Problem statement: Please give an exact copy of every line from the one holding "تلقيت رسالة تضامنية" through the final line of the records below.

#### Excerpted data

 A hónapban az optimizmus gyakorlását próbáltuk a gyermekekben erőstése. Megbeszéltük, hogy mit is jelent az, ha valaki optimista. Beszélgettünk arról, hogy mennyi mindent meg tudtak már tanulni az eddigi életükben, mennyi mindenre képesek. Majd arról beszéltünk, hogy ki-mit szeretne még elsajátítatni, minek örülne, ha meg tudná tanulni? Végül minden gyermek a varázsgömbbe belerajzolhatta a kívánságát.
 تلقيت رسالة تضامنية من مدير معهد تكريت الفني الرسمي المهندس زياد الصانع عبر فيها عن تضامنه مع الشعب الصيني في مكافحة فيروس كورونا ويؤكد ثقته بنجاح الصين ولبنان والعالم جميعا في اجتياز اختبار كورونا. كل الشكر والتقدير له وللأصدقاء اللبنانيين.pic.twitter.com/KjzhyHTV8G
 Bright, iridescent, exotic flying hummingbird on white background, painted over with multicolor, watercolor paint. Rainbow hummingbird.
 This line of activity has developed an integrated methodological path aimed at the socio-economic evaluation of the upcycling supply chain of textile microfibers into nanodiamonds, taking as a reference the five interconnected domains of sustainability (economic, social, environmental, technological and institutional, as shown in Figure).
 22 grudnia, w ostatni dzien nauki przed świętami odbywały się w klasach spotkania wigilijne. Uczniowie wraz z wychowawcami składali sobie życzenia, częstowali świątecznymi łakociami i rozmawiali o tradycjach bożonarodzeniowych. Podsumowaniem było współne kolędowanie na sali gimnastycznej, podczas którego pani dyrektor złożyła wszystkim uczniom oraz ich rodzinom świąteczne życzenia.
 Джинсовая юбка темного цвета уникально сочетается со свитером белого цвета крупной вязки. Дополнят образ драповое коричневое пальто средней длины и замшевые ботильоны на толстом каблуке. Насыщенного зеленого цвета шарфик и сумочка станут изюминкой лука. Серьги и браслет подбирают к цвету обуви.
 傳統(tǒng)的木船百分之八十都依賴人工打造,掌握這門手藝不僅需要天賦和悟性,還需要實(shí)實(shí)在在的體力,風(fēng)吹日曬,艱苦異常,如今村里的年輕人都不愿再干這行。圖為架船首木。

########

Exercise response:
 تلقيت رسالة تضامنية من مدير معهد تكريت الفني الرسمي المهندس زياد الصانع عبر فيها عن تضامنه مع الشعب الصيني في مكافحة فيروس كورونا ويؤكد ثقته بنجاح الصين ولبنان والعالم جميعا في اجتياز اختبار كورونا. كل الشكر والتقدير له وللأصدقاء اللبنانيين.pic.twitter.com/KjzhyHTV8G
 Bright, iridescent, exotic flying hummingbird on white background, painted over with multicolor, watercolor paint. Rainbow hummingbird.
 This line of activity has developed an integrated methodological path aimed at the socio-economic evaluation of the upcycling supply chain of textile microfibers into nanodiamonds, taking as a reference the five interconnected domains of sustainability (economic, social, environmental, technological and institutional, as shown in Figure).
 22 grudnia, w ostatni dzien nauki przed świętami odbywały się w klasach spotkania wigilijne. Uczniowie wraz z wychowawcami składali sobie życzenia, częstowali świątecznymi łakociami i rozmawiali o tradycjach bożonarodzeniowych. Podsumowaniem było współne kolędowanie na sali gimnastycznej, podczas którego pani dyrektor złożyła wszystkim uczniom oraz ich rodzinom świąteczne życzenia.
 Джинсовая юбка темного цвета уникально сочетается со свитером белого цвета крупной вязки. Дополнят образ драповое коричневое пальто средней длины и замшевые ботильоны на толстом каблуке. Насыщенного зеленого цвета шарфик и сумочка станут изюминкой лука. Серьги и браслет подбирают к цвету обуви.
 傳統(tǒng)的木船百分之八十都依賴人工打造,掌握這門手藝不僅需要天賦和悟性,還需要實(shí)實(shí)在在的體力,風(fēng)吹日曬,艱苦異常,如今村里的年輕人都不愿再干這行。圖為架船首木。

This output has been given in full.